EXERCISE GOAL => In the entries that follow, find the line containing "Funda para Teléfono" and the line containing "但是购物小票上面显示,结账的时候收了她50块9,多收了11块。", then copy exactly everything from the first through the second except the pictures.

PROVIDED RECORDS Start Marker

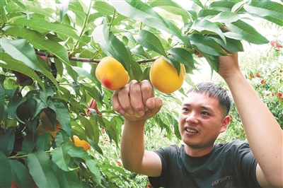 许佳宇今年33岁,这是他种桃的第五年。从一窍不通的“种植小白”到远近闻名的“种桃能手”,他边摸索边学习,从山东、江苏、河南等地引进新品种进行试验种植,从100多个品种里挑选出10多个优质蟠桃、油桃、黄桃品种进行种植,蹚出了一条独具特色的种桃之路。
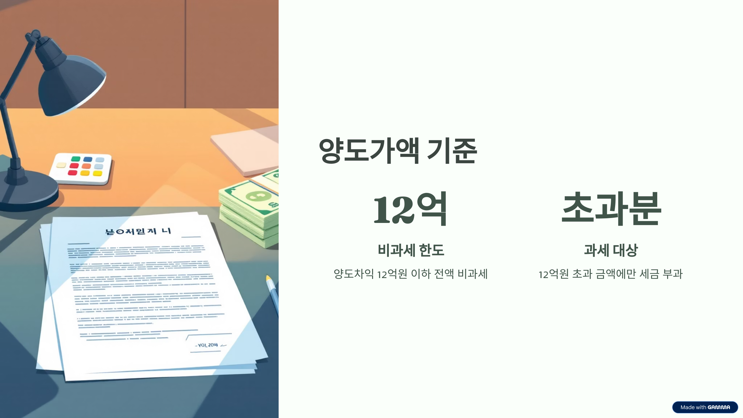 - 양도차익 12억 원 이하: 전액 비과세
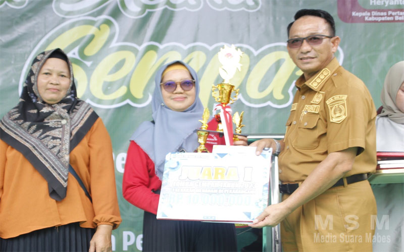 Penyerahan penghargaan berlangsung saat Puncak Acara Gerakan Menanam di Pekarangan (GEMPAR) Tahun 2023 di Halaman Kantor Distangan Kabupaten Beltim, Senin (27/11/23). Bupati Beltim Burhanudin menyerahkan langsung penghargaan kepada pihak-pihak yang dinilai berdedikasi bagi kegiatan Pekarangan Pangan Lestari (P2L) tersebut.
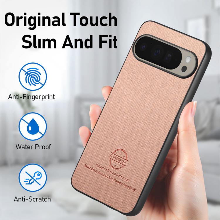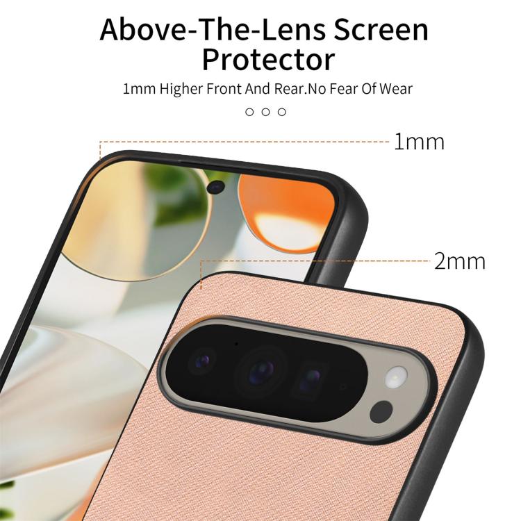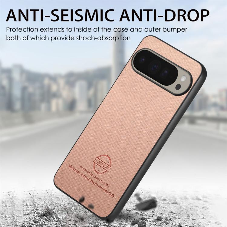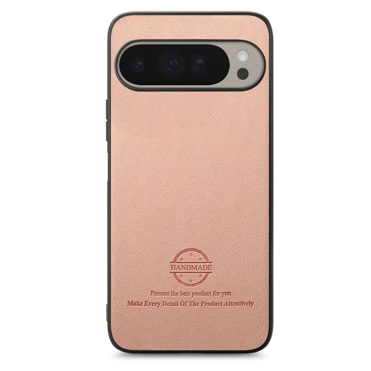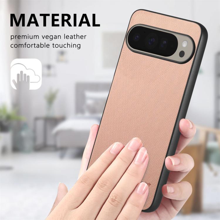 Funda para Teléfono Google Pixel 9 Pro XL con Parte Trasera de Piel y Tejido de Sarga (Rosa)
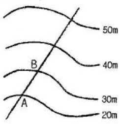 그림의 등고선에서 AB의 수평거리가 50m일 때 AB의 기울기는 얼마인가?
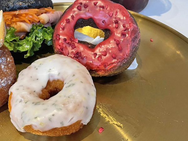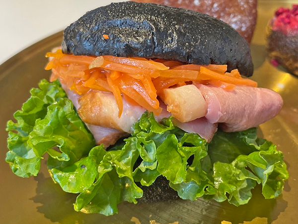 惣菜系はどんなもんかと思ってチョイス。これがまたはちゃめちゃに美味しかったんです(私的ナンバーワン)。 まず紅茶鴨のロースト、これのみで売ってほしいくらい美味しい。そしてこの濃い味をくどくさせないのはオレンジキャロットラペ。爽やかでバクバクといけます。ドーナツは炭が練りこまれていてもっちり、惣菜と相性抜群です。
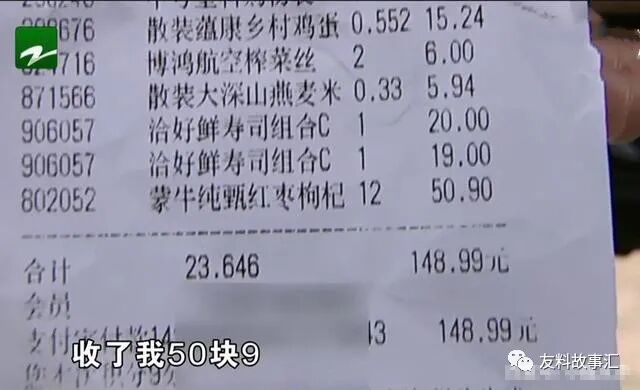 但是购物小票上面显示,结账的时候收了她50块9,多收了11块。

PROVIDED RECORDS End Marker
PROVIDED RECORDS Start Marker

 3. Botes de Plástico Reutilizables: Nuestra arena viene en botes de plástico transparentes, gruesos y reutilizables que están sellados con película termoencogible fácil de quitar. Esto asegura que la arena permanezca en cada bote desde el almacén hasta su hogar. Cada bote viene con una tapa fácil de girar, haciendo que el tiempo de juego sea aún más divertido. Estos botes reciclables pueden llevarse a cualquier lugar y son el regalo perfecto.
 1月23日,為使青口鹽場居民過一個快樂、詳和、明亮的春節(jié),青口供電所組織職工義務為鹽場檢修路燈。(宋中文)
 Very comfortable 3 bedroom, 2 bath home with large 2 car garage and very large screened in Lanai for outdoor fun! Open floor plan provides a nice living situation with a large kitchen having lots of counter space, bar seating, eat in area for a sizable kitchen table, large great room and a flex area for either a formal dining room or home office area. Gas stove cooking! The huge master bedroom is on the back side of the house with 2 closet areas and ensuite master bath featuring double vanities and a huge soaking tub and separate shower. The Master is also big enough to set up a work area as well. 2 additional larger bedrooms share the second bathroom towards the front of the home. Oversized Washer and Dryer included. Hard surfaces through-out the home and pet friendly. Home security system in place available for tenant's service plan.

PROVIDED RECORDS End Marker

ANSWER BOX =>
 Funda para Teléfono Google Pixel 9 Pro XL con Parte Trasera de Piel y Tejido de Sarga (Rosa)
 그림의 등고선에서 AB의 수평거리가 50m일 때 AB의 기울기는 얼마인가?
 惣菜系はどんなもんかと思ってチョイス。これがまたはちゃめちゃに美味しかったんです(私的ナンバーワン)。 まず紅茶鴨のロースト、これのみで売ってほしいくらい美味しい。そしてこの濃い味をくどくさせないのはオレンジキャロットラペ。爽やかでバクバクといけます。ドーナツは炭が練りこまれていてもっちり、惣菜と相性抜群です。
 但是购物小票上面显示,结账的时候收了她50块9,多收了11块。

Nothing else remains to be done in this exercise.